Task details - The records below hold a stretch from the line with "French Designer, Sideboard, Oak, Brass, France, 1940s" through the line with "Összetevők: Erdei vegyesgyümölcs"; return exactly those lines, ends included, and nothing more.
----- Provided records -----
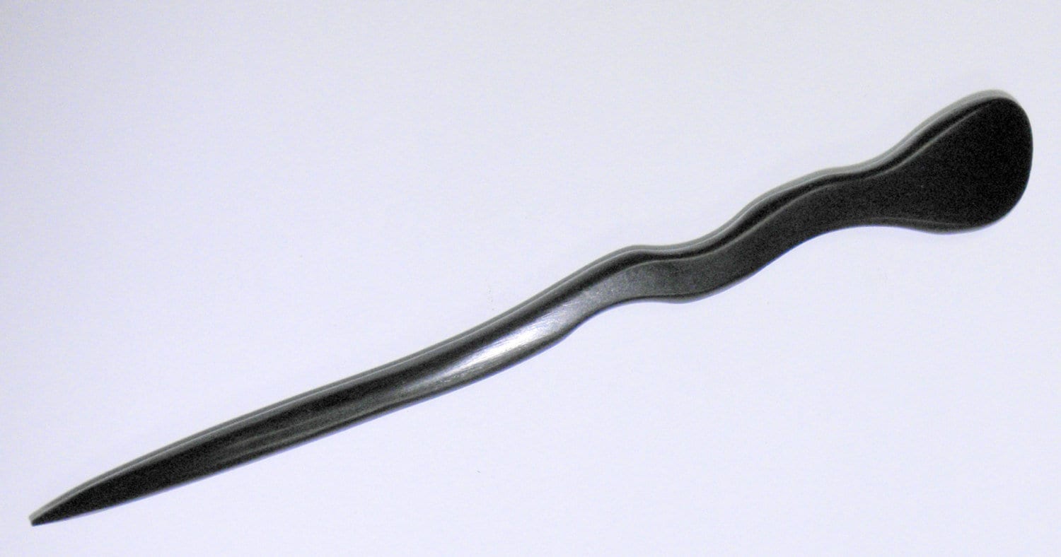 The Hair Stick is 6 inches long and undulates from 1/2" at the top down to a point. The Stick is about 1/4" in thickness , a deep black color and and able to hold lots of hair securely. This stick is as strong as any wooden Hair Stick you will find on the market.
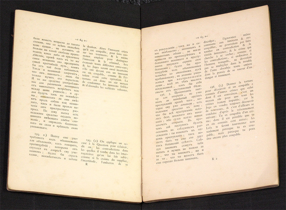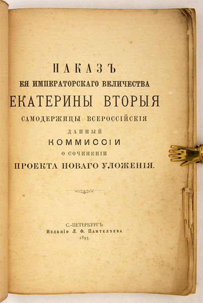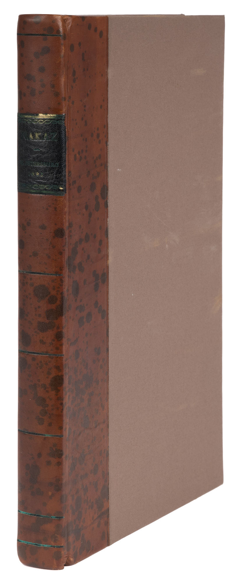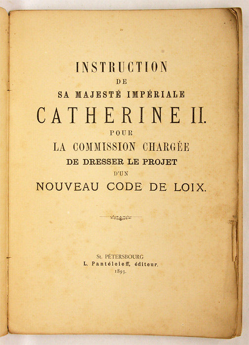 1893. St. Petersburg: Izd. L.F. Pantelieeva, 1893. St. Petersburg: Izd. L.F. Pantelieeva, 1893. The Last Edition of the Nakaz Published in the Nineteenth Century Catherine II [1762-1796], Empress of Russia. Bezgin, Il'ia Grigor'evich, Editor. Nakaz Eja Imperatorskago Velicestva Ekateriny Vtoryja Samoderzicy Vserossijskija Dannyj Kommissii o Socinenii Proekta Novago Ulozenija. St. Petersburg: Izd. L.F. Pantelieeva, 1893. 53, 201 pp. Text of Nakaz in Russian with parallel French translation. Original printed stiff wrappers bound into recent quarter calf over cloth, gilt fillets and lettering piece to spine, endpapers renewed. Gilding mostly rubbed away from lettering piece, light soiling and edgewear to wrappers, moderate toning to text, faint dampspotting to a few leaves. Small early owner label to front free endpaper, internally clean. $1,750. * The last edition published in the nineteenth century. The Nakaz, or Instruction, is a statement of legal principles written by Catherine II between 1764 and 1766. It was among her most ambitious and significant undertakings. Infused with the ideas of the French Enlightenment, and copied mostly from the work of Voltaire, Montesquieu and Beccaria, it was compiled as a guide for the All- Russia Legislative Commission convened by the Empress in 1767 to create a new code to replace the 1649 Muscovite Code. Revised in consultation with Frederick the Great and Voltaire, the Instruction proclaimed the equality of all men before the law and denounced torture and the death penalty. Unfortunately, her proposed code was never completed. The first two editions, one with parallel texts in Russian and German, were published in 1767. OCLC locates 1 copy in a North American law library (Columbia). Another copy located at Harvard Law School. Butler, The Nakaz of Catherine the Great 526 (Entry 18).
-----
----- Provided records -----
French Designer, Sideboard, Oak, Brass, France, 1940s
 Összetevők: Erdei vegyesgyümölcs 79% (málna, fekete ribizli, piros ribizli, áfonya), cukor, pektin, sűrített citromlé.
-----
Solution for this task -
French Designer, Sideboard, Oak, Brass, France, 1940s
 Összetevők: Erdei vegyesgyümölcs 79% (málna, fekete ribizli, piros ribizli, áfonya), cukor, pektin, sűrített citromlé.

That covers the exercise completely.